When you try to make a one-to-one pairing between two sets, there are any number of ways you could choose to match them up. Comparing two finite sets, you will get the same result no matter how you pair up the elements: One of the sets in particular will be smaller and the other bigger, or else they will be the same size.
When you try this with infinite sets, funny things happen. Consider pairing up the set of all positive integers with the set of all positive even integers. There are several ways you could do this, with several different results. You can easily find a pairing scheme that shows the sets to be equal in size. You can also easily find a pairing that shows the set of all integers to have many left-overs (infinitely many in fact), showing that this set is the larger. What to make of this?
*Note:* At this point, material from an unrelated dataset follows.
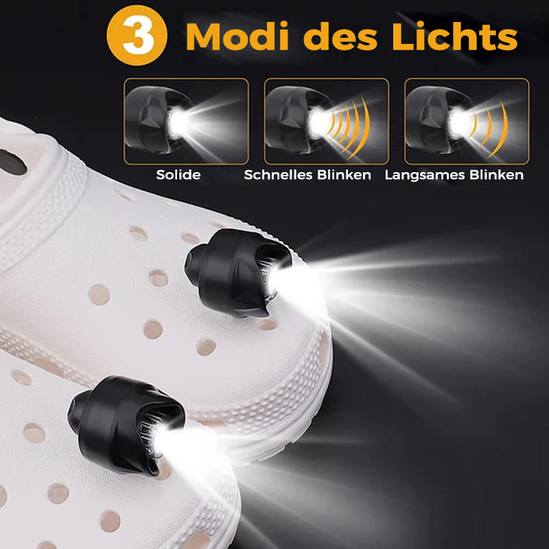 Mini-Fußlicht. Diese kleinen und handlichen Lichter lassen sich leicht an Ihren Schuhen befestigen, damit Sie nachts sehen und gesehen werden können.
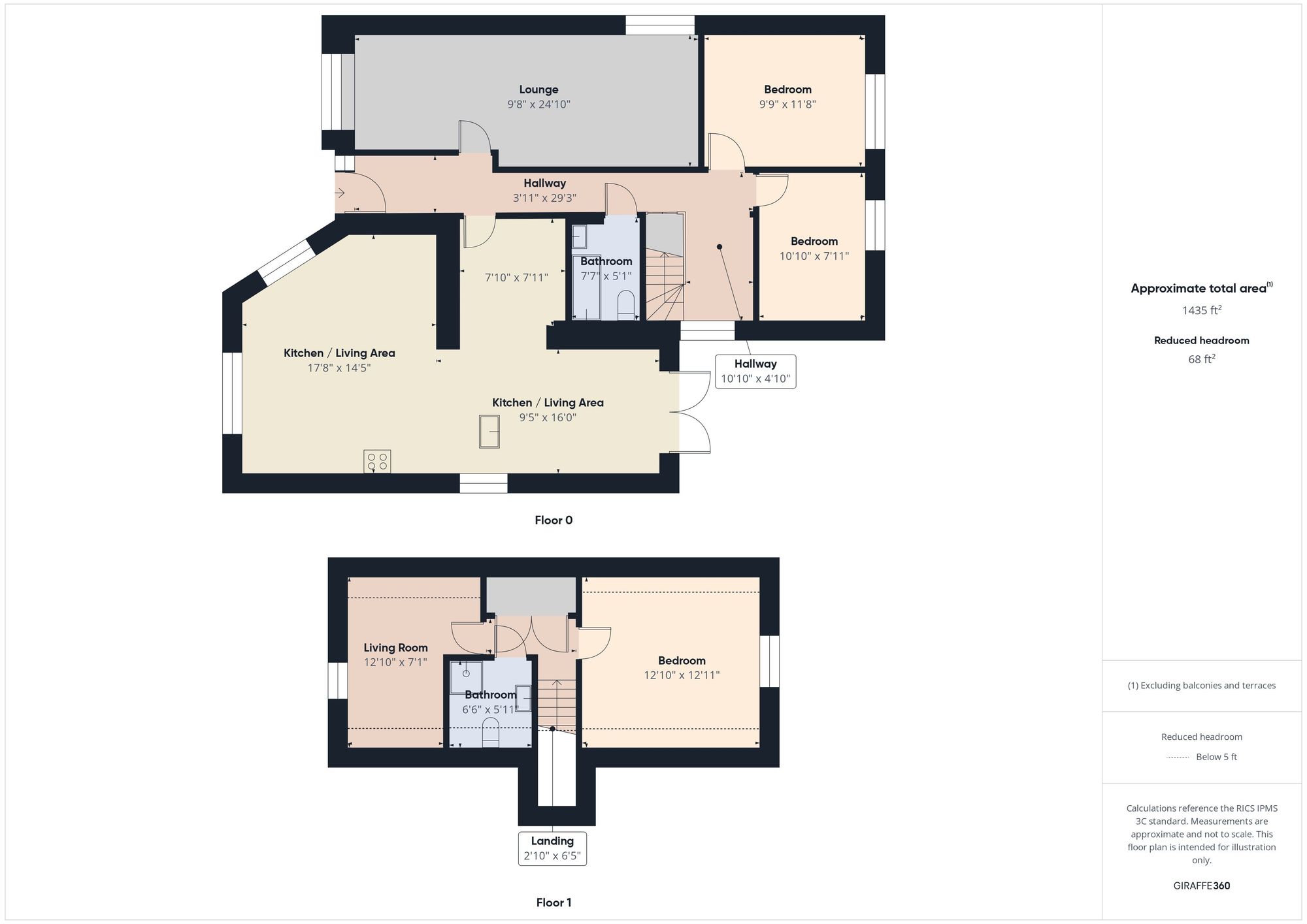 17' 8" x 14' 5" (5.38m x 4.39m) / 16' 0" x 9' 5" (4.88m x 2.87m) / 7' 11" x 7' 10" (2.41m x 2.39m)

Cantor made this definition (perhaps arbitrarily): If you can find ANY WAY to pair up the sets to make them come out equal in size, then the sets are equal in size.
But if you find a way to show one set is larger (that is, has left-overs) and you CAN’T find a way to pair them up one-to-one, then the set with the left-overs is the larger set. Now we run into a problem – the very problem that you are hinting at:
If you CAN’T find a one-to-one pairing scheme, does that mean it can’t be done? OR does it simply mean you aren’t clever enough to find the scheme, or that you haven’t tried hard enough?
Thus, to show that one set is larger, you actually have to PROVE that there CAN’T be any one-to-one pairing scheme, no matter how clever you are.
Cantor’s diagonal argument does this. Notice that he doesn’t actually show any particular alleged one-to-one scheme and then disprove it. Rather, he shows a generalized idea of a one-to-one scheme, that could actually be any scheme, and then proves that it can’t work. Thus, what the diagonal argument proves is that ANY scheme you could possibly come up with is susceptible to that change-the-digits trick, and thus that ANY scheme would leave you with left-over numbers in the real-number column.
Thus, the diagonal proof shows that the reals will out-number (or should I say, “out-infinite”) the rationals no matter how you try to pair them up. This is the sort of thing you must do to show that one infinite set is larger than some other infinite set.